Partisane d’un libéralisme avancé et farouche opposante au communisme, la « dame de fer » défend avec vigueur ses convictions et dénonce les échecs économiques des utopistes : parmi ceux-ci, les anciens dirigeants soviétiques, prisonniers de rêves dogmatiques, et l’ex-président tanzanien Nyerere qui se montra « charmant dans son art de la persuasion mais fort peu judicieux et très irréaliste quant à ce qui n’allait pas dans son propre pays et, par définition, dans toute l’Afrique noire ». Pour l’ancien chef de gouvernement britannique, la réussite de toute politique économique dépend en effet « de façon cruciale de la justesse de la répartition des rôles entre l’État et la société ».
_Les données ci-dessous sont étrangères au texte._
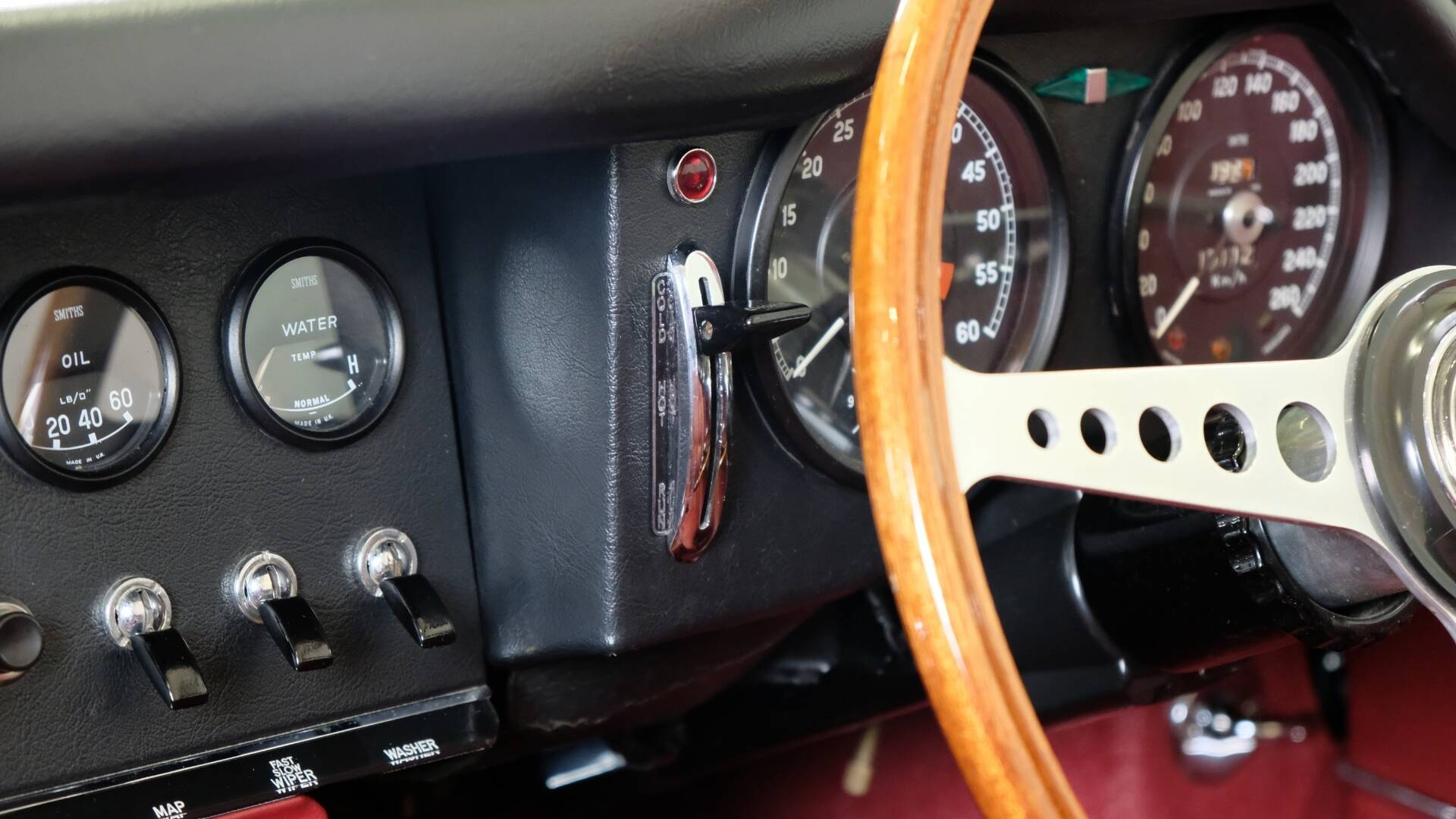 This car is a Jaguar E-Type Series 1 3.8, chassis number 880073. Importantly, it is not a modified Beacham reinterpretation, but rather a meticulously restored example rebuilt to its original factory specification. The nut-and-bolt restoration was completed approximately nine years ago, and the car still presents as fresh and precise as it did when it left the Beacham workshops, a clear testament to the craftsmanship involved and the quality of materials used throughout the two-and-a-half-year restoration process.

Jamais sans doute depuis Winston Churchill, un Premier ministre n’avait marqué à ce point la politique du Royaume-Uni. Les difficiles combats qu’elle a menés, d’une part contre les syndicats travaillistes, notamment à l’occasion de la longue grève des mineurs (printemps 1984 - hiver 1985), et d’autre part contre la lourdeur bureaucratique de l’administration, se sont traduits par d’importantes mutations dans la société d’outre-Manche. De tous les changements, le plus controversé fut certainement le remplacement de la taxe d’habitation proportionnelle par la charge communautaire (plus connue sous le nom de « poil tax ») qui modifiait profondément les finances publiques en redistribuant des taxes professionnelles suivant un calcul par tête d’habitant. L’opposition d’une majorité de contribuables à cette réforme a constitué le premier échec de Mme Thatcher en politique intérieure. Le drame irlandais représente l’autre question épineuse qui a perturbé la tâche de l’ancien chef de gouvernement (visée dans un attentat manqué à Brighton en 1984). Le douloureux sujet est traité d’une façon objective et se termine sur une note de déception mettant en lumière les trop nombreuses concessions de Londres.
En politique extérieure, le point fort reste évidemment la guerre des Malouines qui a révélé au monde entier, d’une part l’extraordinaire obstination de Mme Thatcher à sauvegarder un territoire britannique situé aux antipodes, d’autre part le professionnalisme et le courage des combattants des forces armées du Royaume-Uni. L’enjeu de ce conflit était clair : il s’agissait de défendre un principe de droit international et de protéger des ressortissants britanniques.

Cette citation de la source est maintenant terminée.